Menurut Asep, tingkat kepesertaan BPJS Ketenagakerjaan saat ini baru mencapai 40 persen dari total angkatan kerja nasional. Kondisi ini dinilai masih jauh dari ideal, terutama karena mayoritas pekerja informal dan rentan belum terlindungi oleh skema jaminan sosial tenaga kerja.
“Masih ada puluhan juta pekerja yang berpotensi tidak terakses. Ini menjadi tantangan utama kami ke depan,” ujar Asep. Ia menegaskan bahwa kepesertaan pekerja dalam BPJS bukan hanya penting untuk perlindungan, tapi juga menjadi syarat administratif dalam memperoleh BSU.
Untuk mengatasi kesenjangan ini, Asep menyebutkan perlunya kolaborasi lintas kementerian guna memperkuat regulasi dan mendorong perusahaan agar patuh dalam mendaftarkan pekerjanya. BPJS juga mendorong update data peserta secara berkala agar akurasi informasi tetap terjaga.
Perusahaan diminta lebih aktif melengkapi data pekerja mereka, termasuk Nomor Induk Kependudukan (NIK) dan alamat yang benar. Banyak kasus ditemukan di mana data tidak akurat, menyebabkan penyaluran BSU menjadi tertunda atau gagal.
Dari sisi jumlah, hingga saat ini sudah tercatat sekitar 15 juta peserta aktif BPJS Ketenagakerjaan yang memenuhi syarat untuk menerima BSU. Seluruh peserta ini tersebar di 38 provinsi dan telah masuk dalam basis data bantuan. Penyaluran BSU dilakukan melalui Himpunan Bank Milik Negara (Himbara) dan PT Pos Indonesia.
Penyaluran melalui bank Himbara sudah mencapai 100 persen. Namun, masih tersisa penyaluran yang sedang berlangsung melalui PT Pos Indonesia. “Kami targetkan di ujung masa penyaluran ini bisa rampung semua,” tutur Asep.
Sementara itu, penyaluran BSU di Provinsi Nusa Tenggara Barat (NTB) menjadi sorotan karena capaiannya yang tinggi. Berdasarkan data PT Pos Indonesia, BSU di wilayah tersebut sudah tersalur kepada 126.298 pekerja dari total 134.639 penerima yang ditargetkan atau sekitar 93,8 persen secara keseluruhan.
Plt Direktur PT Pos Indonesia, Endy Pattia Rahmadi Abdurrahman, menyampaikan bahwa proses penyaluran akan diperpanjang selama lima hari hingga 6 Agustus 2025. Perpanjangan ini diberikan oleh Kementerian Ketenagakerjaan untuk mengakomodasi berbagai kendala lapangan.
“Sebagian penerima tinggal di daerah terluar, ada juga yang berpindah kerja atau sedang dalam masa istirahat panjang. Ini yang bikin proses distribusinya menantang,” jelas Endy saat ditemui di Kota Mataram.
Khusus untuk Kota Mataram, dari 46.317 pekerja yang berhak menerima BSU, sudah tersalur ke 44.064 orang atau sekitar 94,3 persen. Angka ini sedikit lebih tinggi dari rerata nasional yang saat ini berada di kisaran 92 persen.
Di sisi lain, masih ada sekitar 1,35 juta pekerja di berbagai daerah yang gagal menerima BSU senilai Rp600 ribu akibat sejumlah kendala teknis.
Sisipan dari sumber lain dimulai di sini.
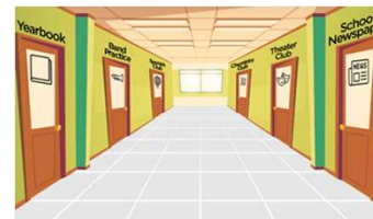
After School Clubs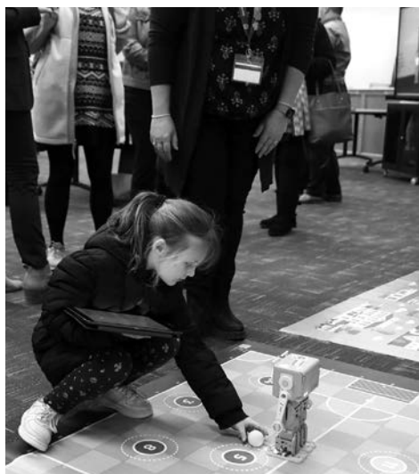
February 2024 Memories: Ken-Ton School District teachers showcasing innovative instructional activities at the second annual Future Ready Project Showcase.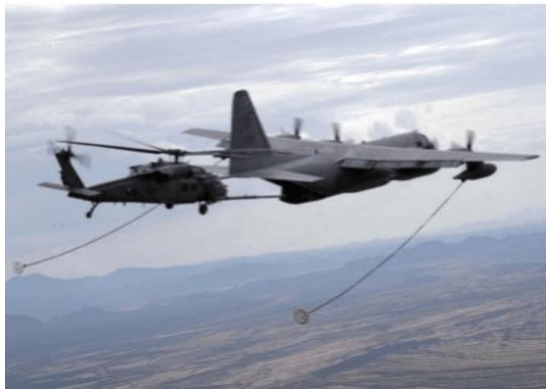
Fig. 7. USAF HC-130P refuels a HH-60G Pavehawk helicopter

RC-130 is a version of the recognition. A single example is used by the air forces of the Islamic Republic of Iran, plane being initially sold the former air forces of the imperial Iranian.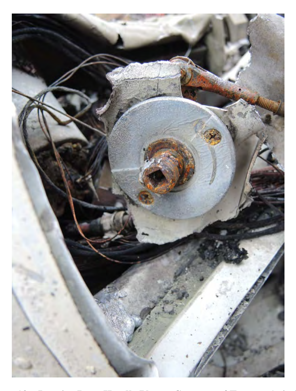
Photo 13 – Interior Door Handle Plate – Courtesy of Textron Aviation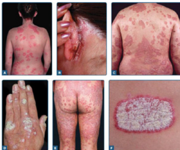
Figure 2. The clinical picture of plaque psoriasis. 4

(CASPAR), The Disease Activity Index for Psoriatic Arthritis (DAPSA), and Psoriatic Arthritis Disease Activity Score (PASDAS). 10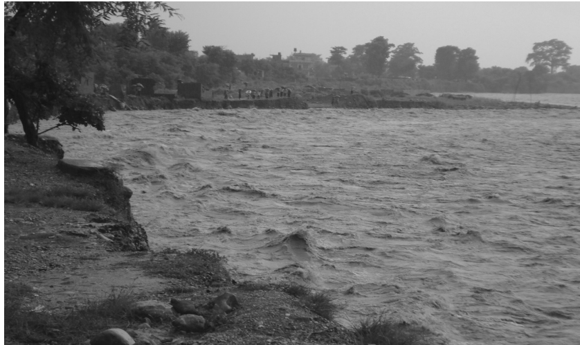
Photo 1. View of the River Flooding

Rupandehi District in Terai is one of the richest districts in groundwater potential. Unconsolidated sediments forming highly permeable aquifers, some of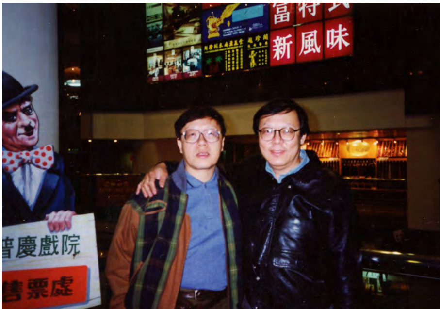
1992-Nang's Visit-Hin-Kong, Hin-Nang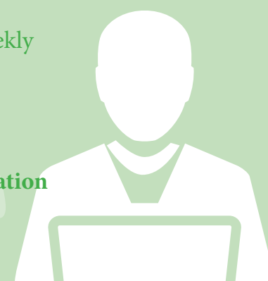
Association Statement of Operations 2014-2016

Cerebral Palsy (CP): Host site for weekly ComputAbilities program.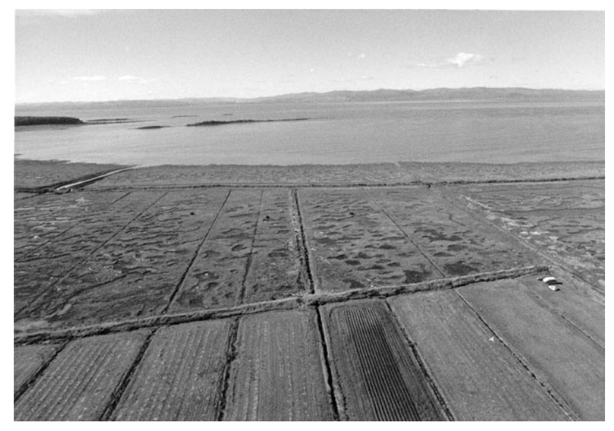
FIGURE 7.3 Reconstruction of the Aboiteau of 1941, Bay of Kamouraska, 1980

In so writing, Gourde recognised that the flora of the inferior and intermediate marshes was vital to the fauna of the marshlands - especially waterfowl. Nevertheless, he argued that the aboiteaux would have little impact on wildlife because of their location on the upper marsh, which, he believed, was not a vital habitat. Waterfowl like geese were capable of adapting to changing environments, he continued, as seen by their frequent feeding in the grain fields of the region. He further stated that the 27.6 km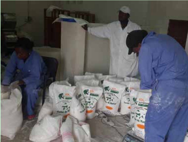
The DR Congo team packaging their High Quality Cassava Flour (HQCF) for sale.

IITA Youth Agripreneurs-DR Congo was established in Kalambo, South-Kivu Province in November 2013. It's major enterprise includes production and export of High Quality Cassava Flour to nearby countries. The team makes use of 40 abandoned fish ponds in Lwiro and Nyakabera for fish production. IITA Youth Agripreneurs-DR Congo has been replicated in Kinshasa and Kisangani.

Masalah utamanya adalah ketidaklengkapan data pribadi, seperti NIK atau alamat yang tidak sesuai dengan data di Kementerian Ketenagakerjaan.
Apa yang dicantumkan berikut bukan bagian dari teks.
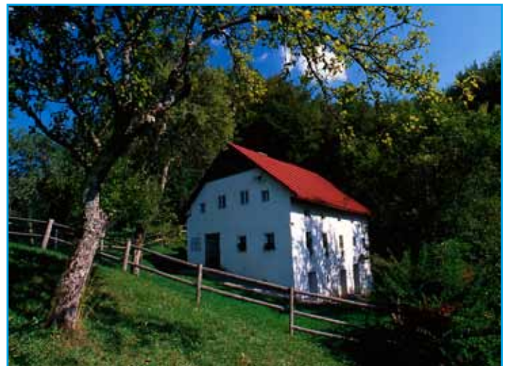
Homestead of Writer France Bevk in Zakojca.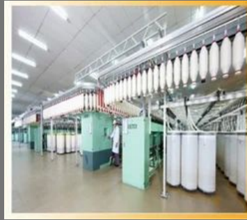
Cotton And Blended Yarn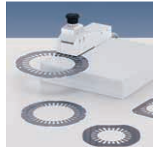
Punched part sensor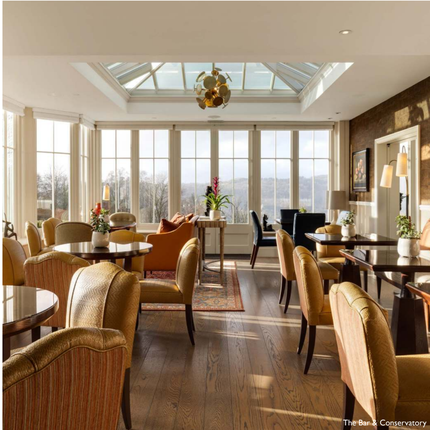
The Bar & Conservatory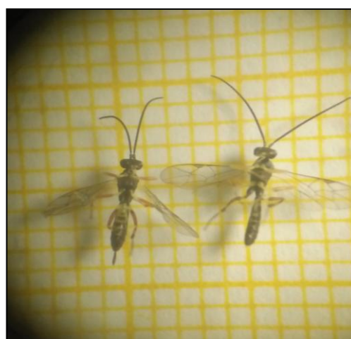
Fig. 2 Imago D. semiclausum : a) Female Imago, b) Male Imago

Descendants of parasitoid D. semiclausum appearing from P. xylostella parasitized larvae tend to be male imago then female imago. In EC control treatment, 2 \times LC_{95} EC and 2 \times LC_{95} WP has the same ratio of males and females there were 3:2 whereas in WP control has a comparison of males and females 2: 1. The imago form of male and female D. semiclausum can be seen in Figure 2.

Penyaluran BSU kali ini dilaksanakan dalam dua tahap. Pemerintah berharap skema bantuan ini dapat benar-benar menyasar pekerja yang rentan secara ekonomi, terutama di sektor informal yang selama ini belum tercover perlindungan sosial secara optimal.
Asep berharap ke depannya, melalui perbaikan data, edukasi perusahaan, dan regulasi yang lebih tegas, jumlah peserta BPJS Ketenagakerjaan bisa terus meningkat. “Dengan begitu, tidak hanya untuk bantuan, tapi jaminan sosial pekerja juga akan makin merata,” pungkasnya.